Please reproduce the entries below exactly from the line with "次に、ご自身のメーキャップへ" through their last line, leaving out any pictures.

[Dataset records]
* * *

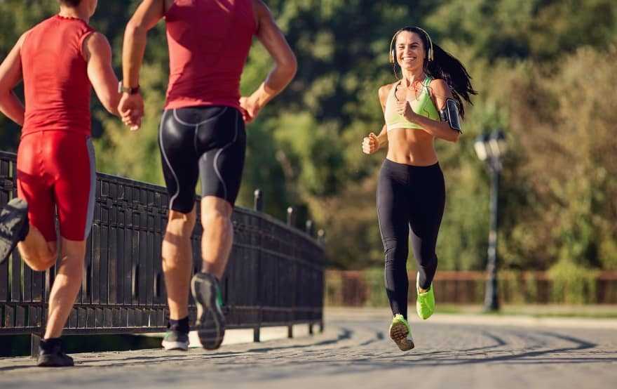 Приступайте к бегу, начиная с быстрой ходьбы, ускоряя темп. Придерживайтесь пульса 115-135 ударов в минуту.
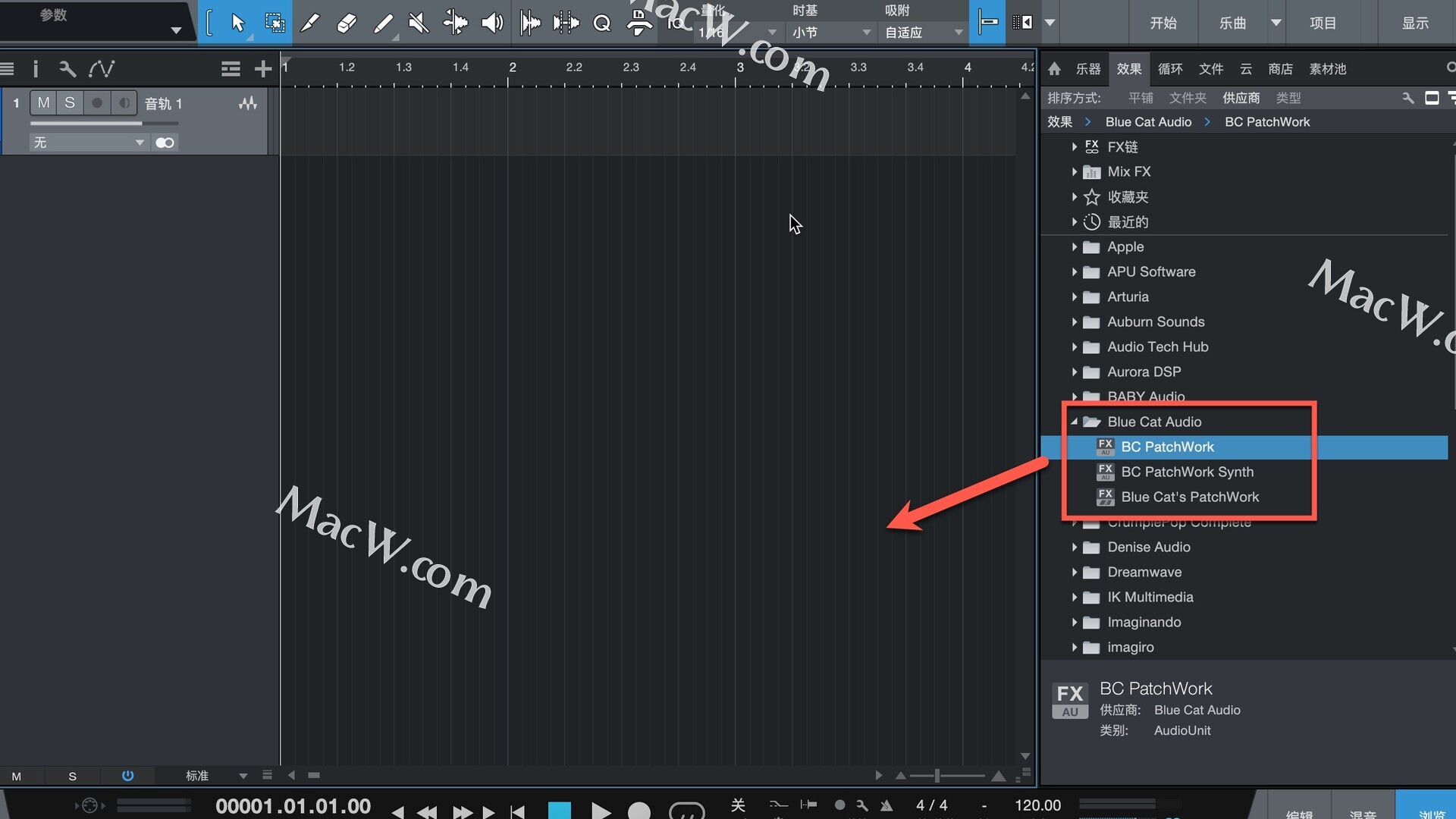 Blue Cat PatchWork插件在应用程序中可以使用,也可以在studio one效果器下方找到,拖动到左侧即可使用如图:
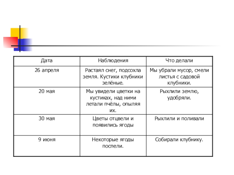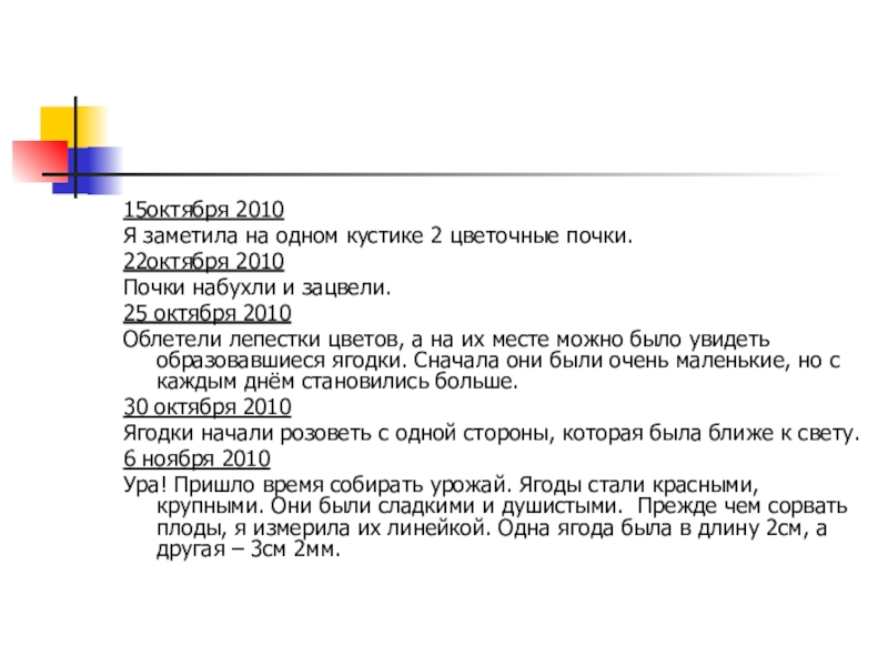 Облетели лепестки цветов, а на их месте можно было увидеть образовавшиеся ягодки. Сначала они были очень маленькие, но с каждым днём становились больше.
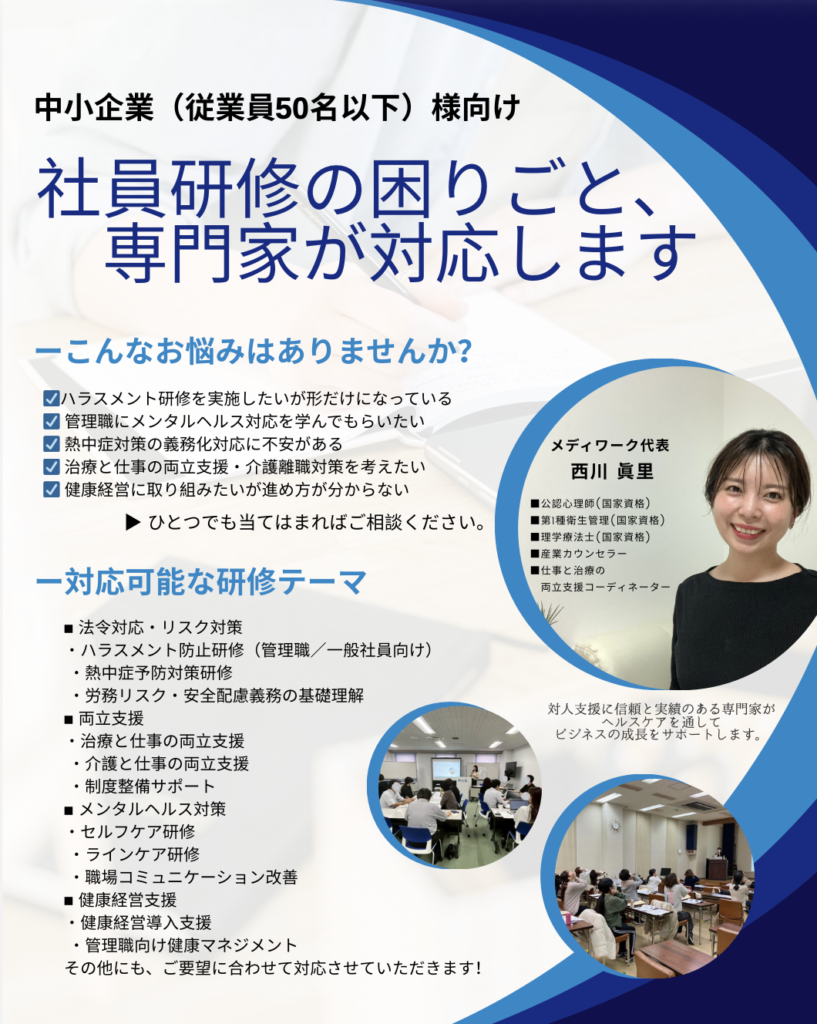 メディワークでは健康経営をサポートする専門家としての立場から、様々なメンタルヘルス対策や研修を提供しています。今回は、メンタルヘルスについてのサービスをご紹介させていただきます!
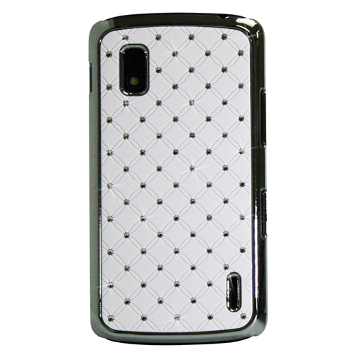 Étui rigide en plastique d'Exian pour Nexus 4 de Google, cristaux intégrés plaqués argent, blanc
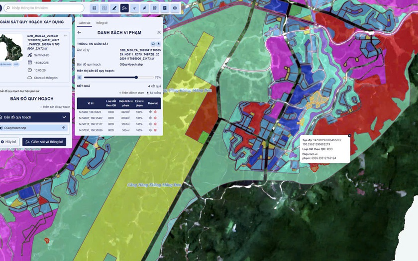 Bên cạnh đó, sản phẩm áp dụng các công nghệ mới và hiện đại như Công nghệ ảnh viễn thám, ảnh vệ tinh độ phân giải cao, siêu cao, ảnh từ UAV, Drone kết hợp với Trí tuệ nhân tạo không gian địa lý (GeoAI) để xây dựng các mô hình, thuật toán gồm mô hình GeoAI giúp tăng độ phân giải ảnh viễn thám từ độ phân giải trung bình (10m) lên cao (2.5m); mô hình GeoAI giải đoán, giám sát biến động hiện trạng sử dụng đất; mô hình GeoAI phát hiện, giám sát công trình, tài sản trên đất, giám sát xây dựng trái phép.
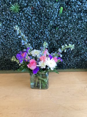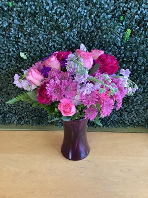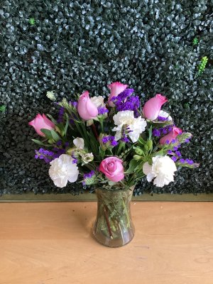Many of the purple flowers were broken and the entire bouquet was sparse appearing. I was grateful for the surprise but disappointed by the flowers themselves. The purchaser noticed them over the phone they were not even close to what she purchased. The nicest part of the delivery was the delivery person.
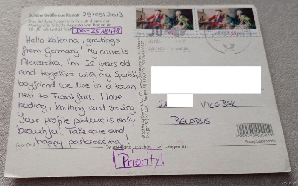 Посткроссинг. Открытка из Германии: Раштатт, дворец (10х15). Прошла почту. Марки, чёткий штемпель. Передача в Витебске при личной встрече возле ратуши. Пересылка в другой город за счёт покупателя по тарифам Белпочты либо Европочты после 100% предоплаты.
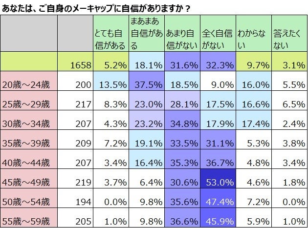 次に、ご自身のメーキャップへの自信について聞きました。全体では「とても自信がある」5.2%「まあまあ自信がある」18.1%でそれらを合わせた「自信がある」のは23.3%でした。これを年齢別に見てみると、「とても自信がある」が最も多いのは20歳~24歳で13.5%。「まあまあ自信がある」37.5%と合わせると51%と半数を超える人が自信があると答えており「自信がない」のは27.5%と自信がある人の半分程度です。年齢を重ねるほど自信がある人の割合が減っていく傾向があり、25歳~29歳で自信がある人が31.3%、自信がない人が45.6%となり、自信がない人の割合が上回ります。25歳~39歳は自信がある人が約3割程度ですが、一方で自信がない人の割合は30歳~34歳で52.7%と半数を超え、35歳~39歳で64.6%と増えていきます。40歳~44歳では自信がある人は19.8%と2割を下回り、自信がない人が72%と7割を超えます。45歳~59歳は自信がある人も自信がない人も割合にはあまり変化がなく、自信がある人が約1割、自信がない人が約8割でした。
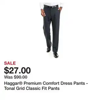 The price of Haggar Premium Comfort Dress Pants - Tonal Grid Classic Fit Pants can be found at the top of the page, together with the dates during which the offer is available. You can also check the price in the current weekly ad or on the Belk website. Promotional offers assure you of buying Belk products at the lowest price.
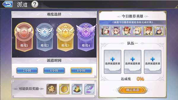 派遣时可选择派遣时间,派遣时间越长获得的奖励越多,派遣时间越短则性价比高;

* * *

*Exercise answer*
 次に、ご自身のメーキャップへの自信について聞きました。全体では「とても自信がある」5.2%「まあまあ自信がある」18.1%でそれらを合わせた「自信がある」のは23.3%でした。これを年齢別に見てみると、「とても自信がある」が最も多いのは20歳~24歳で13.5%。「まあまあ自信がある」37.5%と合わせると51%と半数を超える人が自信があると答えており「自信がない」のは27.5%と自信がある人の半分程度です。年齢を重ねるほど自信がある人の割合が減っていく傾向があり、25歳~29歳で自信がある人が31.3%、自信がない人が45.6%となり、自信がない人の割合が上回ります。25歳~39歳は自信がある人が約3割程度ですが、一方で自信がない人の割合は30歳~34歳で52.7%と半数を超え、35歳~39歳で64.6%と増えていきます。40歳~44歳では自信がある人は19.8%と2割を下回り、自信がない人が72%と7割を超えます。45歳~59歳は自信がある人も自信がない人も割合にはあまり変化がなく、自信がある人が約1割、自信がない人が約8割でした。
 The price of Haggar Premium Comfort Dress Pants - Tonal Grid Classic Fit Pants can be found at the top of the page, together with the dates during which the offer is available. You can also check the price in the current weekly ad or on the Belk website. Promotional offers assure you of buying Belk products at the lowest price.
 派遣时可选择派遣时间,派遣时间越长获得的奖励越多,派遣时间越短则性价比高;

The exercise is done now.